* EXERCISE INSTRUCTIONS
Take the line with "Расинг Кордоба - Тальерес" as the first and the last line of the data as the end. Write out both and every line between exactly, except pictures.

============

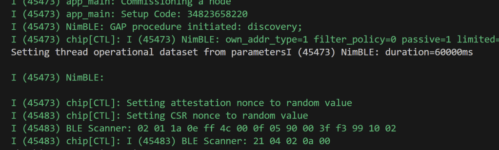 With the mechanism working, I decided to test it out. I put my Office Desk Bulb (a Nano Leaf Thread bulb) into commissioning mode and tried the code.
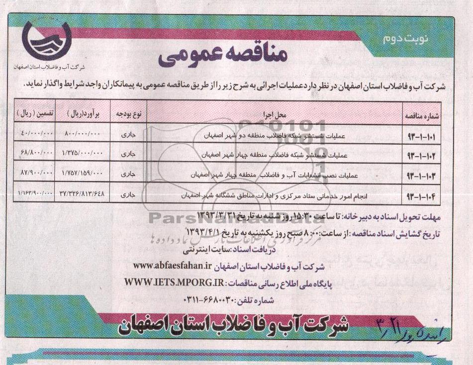 | 103-1-93 | عملیات نصب انشعابات آب و فاضلاب منطقه چهار شهر اصفهان |
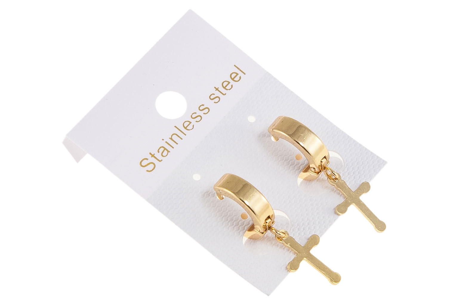 Eleganckie wiszące, złote kolczyki z ozdobną przywieszką w kształcie krzyża.
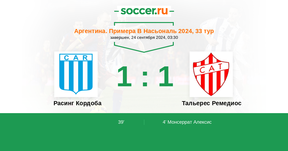 Расинг Кордоба - Тальерес Ремедиос: обзор матча 24 сентября 2024
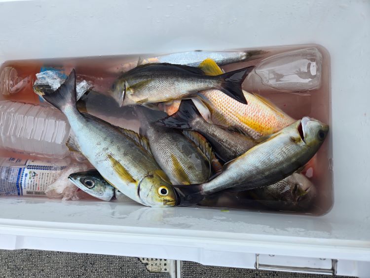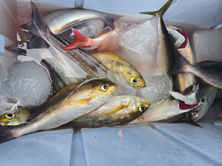 潮汐:小潮釣 果:イサキ、サバ、マダイ、クロホシフエダイ、イラ、ブリ、ハガツオといろいろ釣れました。そ の 他 :
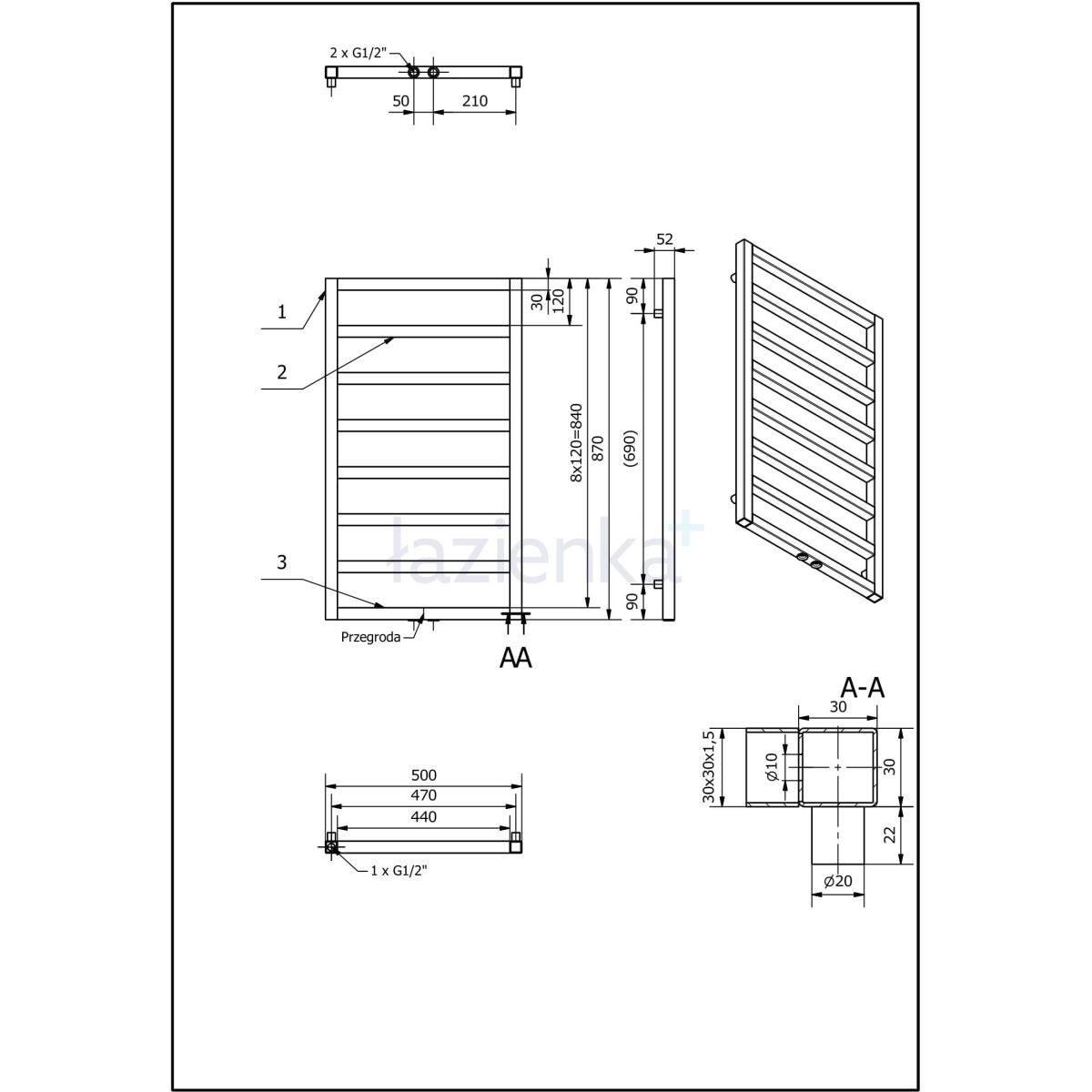 - horizontale Rohre: quadratisch 30 x 30 mm

============

* ANSWER TO THIS TASK
 Расинг Кордоба - Тальерес Ремедиос: обзор матча 24 сентября 2024
 潮汐:小潮釣 果:イサキ、サバ、マダイ、クロホシフエダイ、イラ、ブリ、ハガツオといろいろ釣れました。そ の 他 :
 - horizontale Rohre: quadratisch 30 x 30 mm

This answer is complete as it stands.